[Stored items from a collection]
****************************************
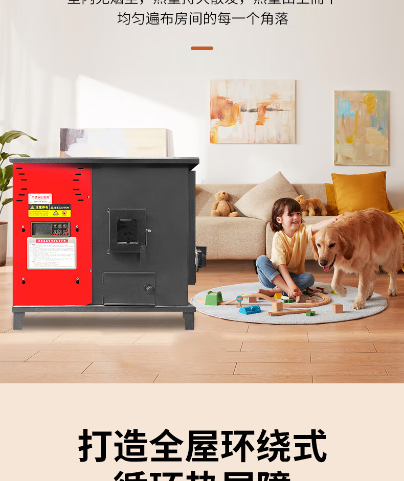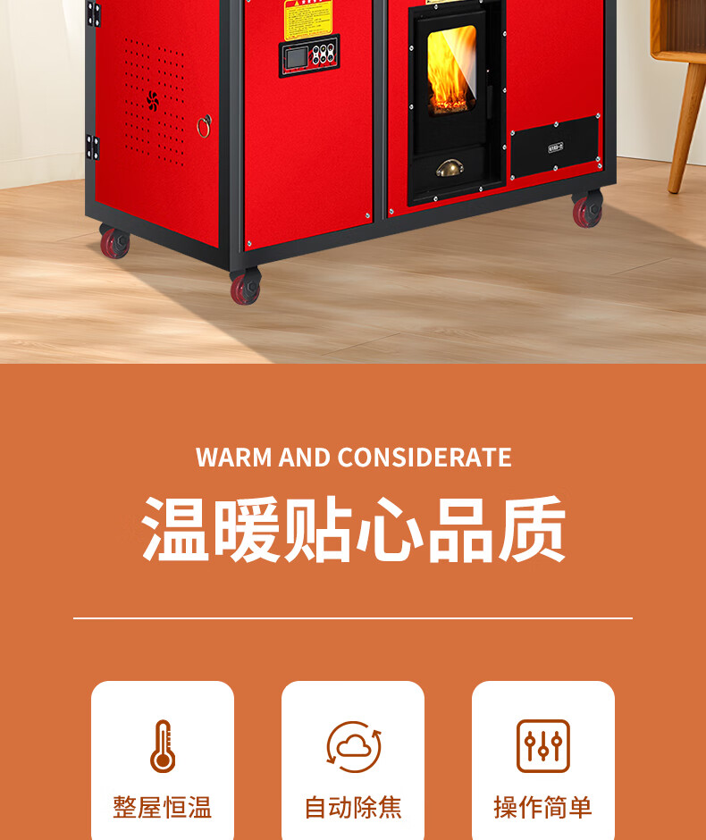 能师傅(送货上门)颗粒取暖炉全自动生物质燃料风暖节能环保商用自动除焦 80型【可烧水】颗粒木材两用
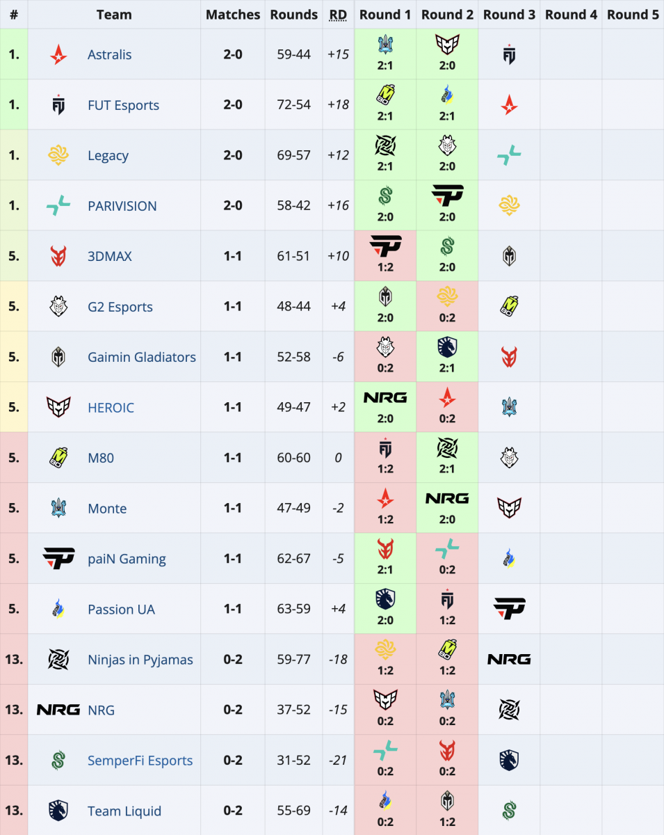 As a result, four squads (Astralis, PARIVISION, FUT, Legacy) finished the second day of the event with a 2-0 match record. In contrast, NRG, SemperFi, NIP, and Liquid have yet to win a single match. The remaining teams currently have one win and one loss to their names.
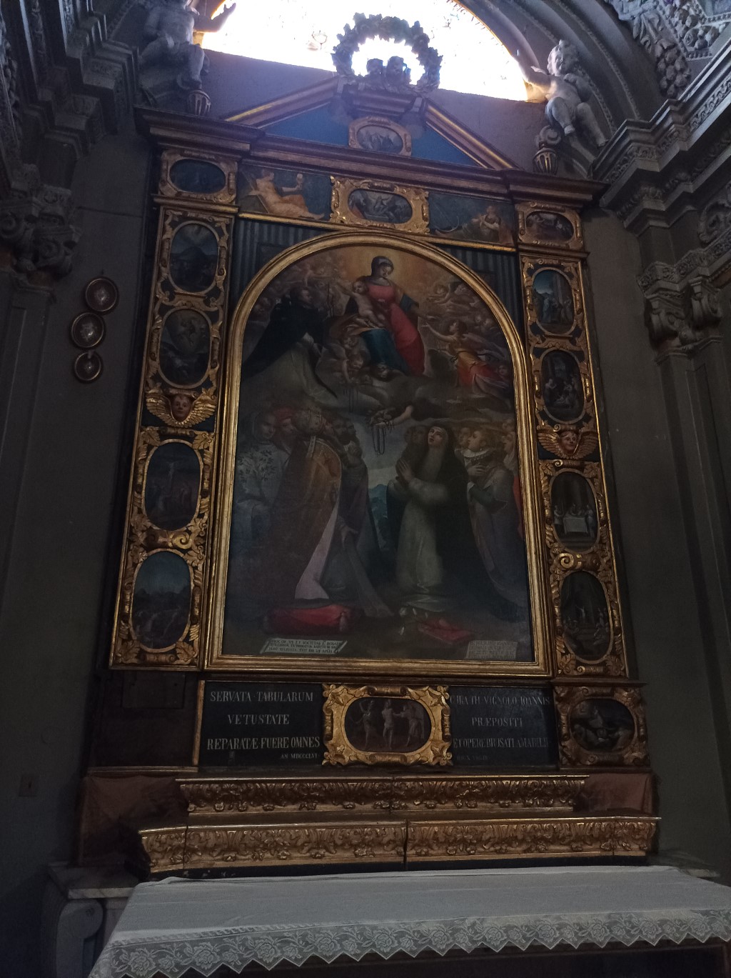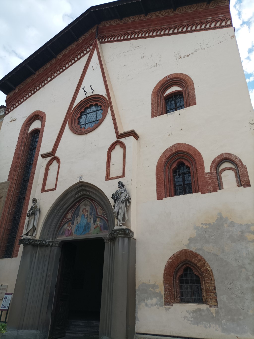 Notizie generali: fondata nel 1284 e terminata nel 1320, restaurata nel 1895 e nel 1952. Già a pianta a croce latina, ora ad un unica navata dopo i rimaneggiamenti barocchi. Tra il 4° e il 5° altare a sinistra, pulpito ligneo del 1594. |
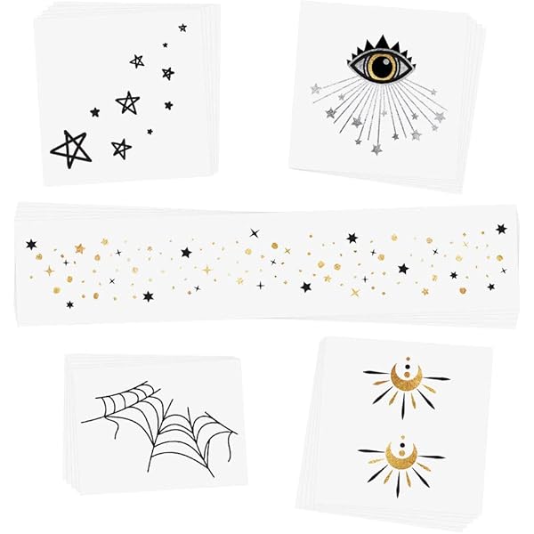 Amazon Com Resting Witch Face Variety Set Of 25 Assorted Halloween Inspired Premium Waterproof Metallic Gold Silver Jewelry Temporary Foil Face Flash Tattoos Face Sparkle Face Glitter Metallic Tattoo Eye Jewel Face
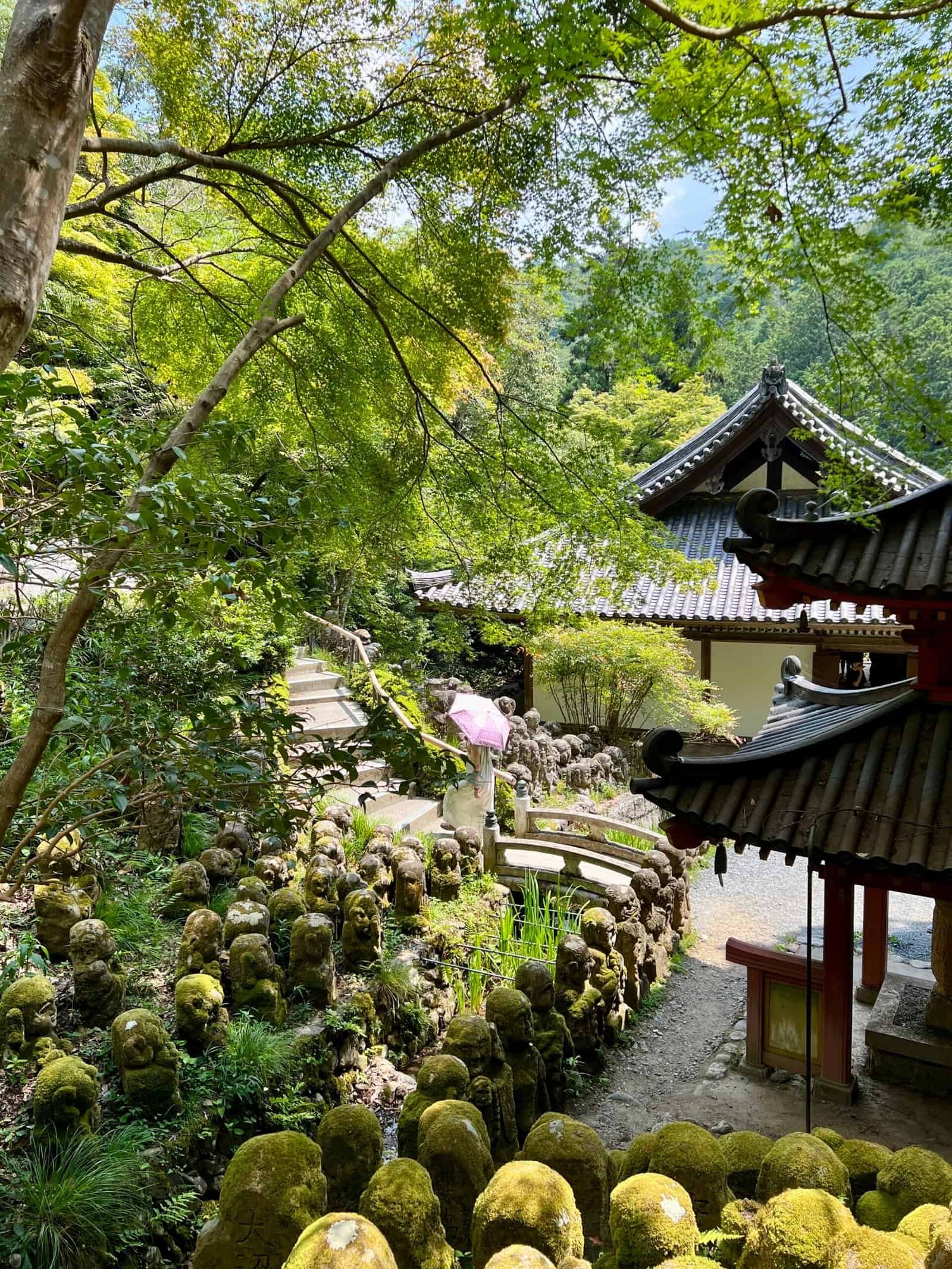 Retour à l’ouest de Kyoto pour découvrir le temple Otagi Nenbutsu-ji. Ce temple bouddhique est peu connu, mais unique : on y trouve plus de 1 200 statues de rakans, les disciples du Bouddha.
****************************************
■ Exercise goal ■
Repeat exactly, please: transcribe each entry and leave out the pictures.

■ Result ■
 能师傅(送货上门)颗粒取暖炉全自动生物质燃料风暖节能环保商用自动除焦 80型【可烧水】颗粒木材两用
 As a result, four squads (Astralis, PARIVISION, FUT, Legacy) finished the second day of the event with a 2-0 match record. In contrast, NRG, SemperFi, NIP, and Liquid have yet to win a single match. The remaining teams currently have one win and one loss to their names.
 Notizie generali: fondata nel 1284 e terminata nel 1320, restaurata nel 1895 e nel 1952. Già a pianta a croce latina, ora ad un unica navata dopo i rimaneggiamenti barocchi. Tra il 4° e il 5° altare a sinistra, pulpito ligneo del 1594. |
 Amazon Com Resting Witch Face Variety Set Of 25 Assorted Halloween Inspired Premium Waterproof Metallic Gold Silver Jewelry Temporary Foil Face Flash Tattoos Face Sparkle Face Glitter Metallic Tattoo Eye Jewel Face
 Retour à l’ouest de Kyoto pour découvrir le temple Otagi Nenbutsu-ji. Ce temple bouddhique est peu connu, mais unique : on y trouve plus de 1 200 statues de rakans, les disciples du Bouddha.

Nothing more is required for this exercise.